Напротив того, шизофрения является абсолютным пределом, который переводит потоки в

свободное состояние на десоциализованном теле без органов… Шизофрения – это внешний

предел самого капитализма… капитализм работает лишь при условии затормаживания этой

тенденции, отталкивания и смещения этого предела, замены его собственными

относительными имманентными пределами, которые он не перестает воспроизводить в

расширенном масштабе. То, что он декодирует одной рукой, он аксиоматизует другой…

Потоки декодируются и аксиоматизуются капитализмом одновременно. Шизофрения не

является чем-то тождественным капитализму, но, напротив того, различающимся от него,

отходом от него и его смертью. Денежные потоки представляют собой совершенно

шизофренические реальности, но они существуют и функционируют лишь в рамках

имманентной аксиоматики, которая заключает и отталкивает их реальность.
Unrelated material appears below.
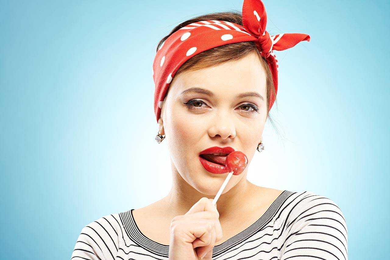 Но главное, что отличает причёски пин-ап, это яркие косыночки, шляпки, повязки и газовые шарфики, повязанные бантом или простым узлом. Для создания и закрепления причёски используются невидимки и шпильки, как обычно, но отделка причёски очень выразительна. При этом платки и шарфики обязательно вписываются в остальной наряд, в той же гамме цветов или, наоборот, создают броский контраст. Но уж с цветом губной помады они обязаны красиво сочетаться.

Язык банкира,

генерала, промышленника, чиновника высокого и среднего уровня является языком

совершенно шизофреническим, но статистически он работает лишь в рамках опошляющей

его аксиоматики, ставящей его на службу капиталистическому строю… А что происходит с

«настоящим» шизофреническим языком, пересекающим эту стену или абсолютный предел?

Капиталистическая аксиоматика так богата, что просто добавляет к существующим еще одну

аксиому: можно задать словарные характеристики книг великого писателя и его стиля на

ЭВМ или в рамках госпитальной, административной и психиатрической аксиоматики

прослушать речь сумасшедшего. Короче, понятие потока-шиза или потока-купюры

определяет, на наш взгляд, и капитализм и шизофрению. Но определяет совсем по-разному,

и это совсем не одно и то же – в зависимости от того, включается или нет декодирование в

аксиоматику, остается ли оно на уровне больших статистически функционирующих

ансамблей или пересекает барьер, который отделяет его от размытых молекулярных

позиций… /Социальная аксиоматика – полная противоположность кода, она разрушает саму

его основу/. Таким образом, знаки власти перестают быть тем, чем они являются с точки

зрения кода: они становятся прямыми экономическими коэффициентами вместо того, чтобы

дублировать экономические знаки желания и выражать со своей стороны неэкономические

факторы, предопределенные господствовать… Власть принимает непосредственно

экономический характер…

Капитал как социус ила полное тело отличается от любого другого тем, что он сам

выступает как непосредственно экономическая инстанция и обрушивается на производство

без привлечения внеэкономических факторов, которые бы вписывались в код. С приходом

капитализма полное тело воистину оголяется, как и сам производитель, к нему

прикрепленный. И в этом смысле аппарат антипроизводства перестает быть

трансцендентным, он пронизывает все производство и становится коэкстенсивным ему. В-

третьих, разработанные условия деструкции любого кода в его становлении-конкретным

сообщают отсутствию предела новый смысл. Оно уже не означает просто беспредельное

абстрактное количество, но действительное отсутствие предела или конца применительно к

дифференциальному отношению, где абстрактное становится чем-то конкретным. О

капитализме мы одновременно говорим, что он не имеет внешнего предела и что он его

имеет. Он имеет предел, каковым является шизофрения, т.е. абсолютное декодирование

потоков, и он функционирует лишь отталкиваясь от себя или заклиная этот предел. И так же

он имеет внутренние пределы и не имеет их: его предел – в специфических условиях

капиталистического производства и обращения, т.е. самого капитала, но он функционирует

лишь воспроизводя и расширяя эти пределы во все большем масштабе. Сила капитализма в

том, что его аксиоматика ненасыщаема, что он всегда способен добавить новую аксиоматику

к числу уже существующих… Поле капитализма определяется аксиоматикой, а не кодами…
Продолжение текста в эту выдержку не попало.